Autre défaillance : le fait que la direction d'OVH n'avait pas inscrit le site sur la liste des établissements répertoriés comme sensibles. Enfin, la présence d'une seule bouche d'incendie dans ce quartier du port autonome de Strasbourg.


L'incident déplorable a mis hors ligne environ 3,6 millions de sites Web répartis sur 464 000 domaines distincts. Octave Klaba n'a pas tardé à faire une sortie vidéo pour présenter ses excuses et expliquer à ses clients ce qui aurait déclenché le feu. On retient surtout que le patron d'OVHCloud a promis tirer des enseignements de ce sinistre et tout faire désormais pour qu'une telle situation « n'arrive plus jamais ».

Pourtant, dix jours après le feu qui a détruit un des quatre datacenters d'OVHcloud, certains médias ont annoncé un nouvel incendie sur le site de Strasbourg du français.
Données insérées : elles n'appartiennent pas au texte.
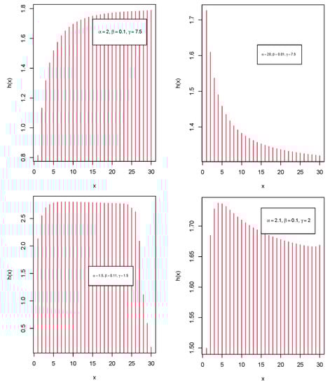 Following (6), it goes without saying that determining the closed form expression of the hrf is more difficult, although, in order to determine the shape of the hrf, we sketch its graph. Figure 2 demonstrates the following facts about the shapes of the hrf of the LZTBD, indicating that the LZTBD has all of the typical shapes, such as increasing, decreasing, and bathtub shapes for varying parameter values.

Heureusement, la situation a rapidement été maitrisée.

Quoiqu'il en soit, le cabinet d'avocats parisien Ziegler & Associés a pour sa part amorcé un recours collectif contre OVHcloud. Pour le cabinet, si un accord à l'amiable n'est pas trouvé en termes de préjudice et d'indemnisation, l'affaire prendrait le chemin du tribunal de commerce.

Il faut dire que le 16 mars 2021, le PDG d’OVH avait annoncé que les clients bénéficieraient de trois mois gratuits en cas de coupure de service et d'une gratuité de six mois en cas de perte de données.

À cette même date, le fondateur de la société a également reconnu que beaucoup de clients n’avaient pas compris l’offre d’OVH en matière d’hébergement des données et de la nécessité de souscrire à une offre de sauvegarde complémentaire. Octave Klaba a alors annoncé une modification de la politique d’OVH afin d’accroître la sécurité des données et permettre une option de sauvegarde de données à tous les clients, sans aucun surcoût.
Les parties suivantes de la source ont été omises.